Factors that help or hinder personal recovery in people with a schizophrenia diagnosis: a different sort of 'therapeutic' relationship

Cameron, David (2017) Factors that help or hinder personal recovery in people with a schizophrenia diagnosis: a different sort of 'therapeutic' relationship. Other thesis, Middlesex University.

Abstract

This collaborative study grew out of the lived, learned experience of the primary inquirer and co-inquirer, a diagnosed paranoid schizophrenic. Embracing a phenomenological (Heidegger, 1927/1962) participatory action attitude (Reason & Bradbury, 2001) using research as a tool to offer a practical alternative, the study aimed to generate knowledge to empower persons with a schizophrenia diagnosis by raising conscious awareness of what either helps or hinders personal recovery. A total of eight credible exemplars with experiences synonymous with a schizophrenia diagnosis participated in open dialogical interviews. An a priori open coding framework derived from my selective, guided interrogation of the personal recovery oriented literature was applied to and iteratively integrated with the inductively driven data which emerged from the interviews. Nine organising themes emerged which converged around three interdependent global themes: Context, Meaning Making and Identity Formation, Interpersonal Relationships and Organisational Culture – Systems. Figural to this intersubjective, contested and co-created multiversal space is a different sort of therapeutic relationship built on pragmatism, authenticity and a tolerant understanding and willingness to embrace and make meaning of disconcerting subjective experiences. The study generates knowledge to challenge and de-construct the essentially contested construct of schizophrenia along with the myths, misconceptions and negative stereotypes which maintain “it”, by raising conscious awareness of and redressing the inherent power imbalance in staff-client relationships and by privileging and validating the voices of the people who own the experience.
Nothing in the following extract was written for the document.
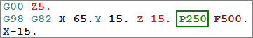 当后处理钻孔循环时,可以将停留时间指定为钻孔循环参数之一(通常为 P),并且在大多数情况下是以毫秒 (ms) 为单位的输出。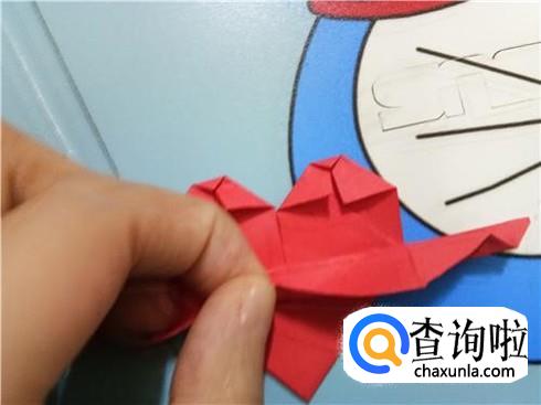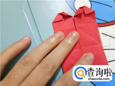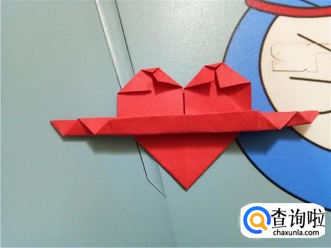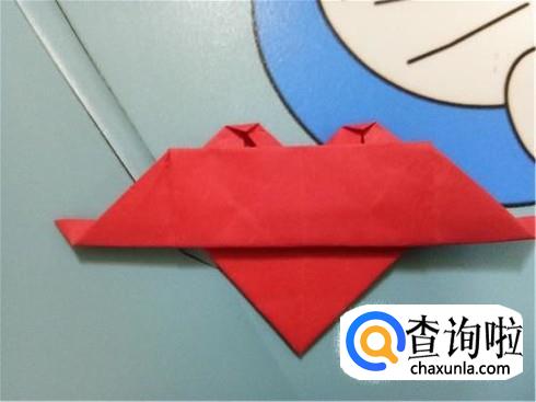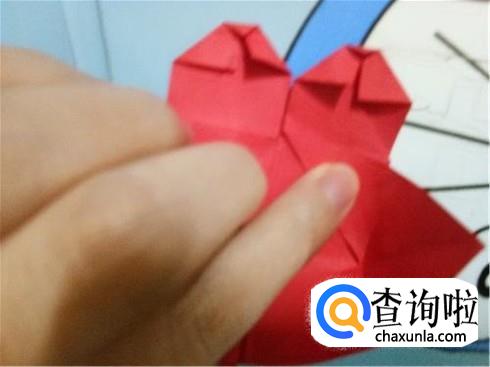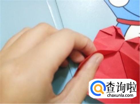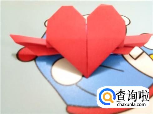 最后,将折的后面的两次的凸出部分轻轻的向下拉一点,但是它们的对称点仍然在三次折叠的对称点。翻到另一面后就可以看见一个带“翅膀”的爱心了。

These hitherto largely unheard voices support the call for an empowering “paradigm shift in relation to the experience that these [schizophrenia] diagnoses refer to” (BPS, 2014). The originality and challenge of this approach resides with fellow mental health and allied professionals willingly embracing incongruent disconcerting worlds, surrendering the privilege of professional disciplinary power and taking “on board that there is no us and them, there are only people trying to make the best of our situation” (Understanding Psychosis and Schizophrenia, 2014, p. 113).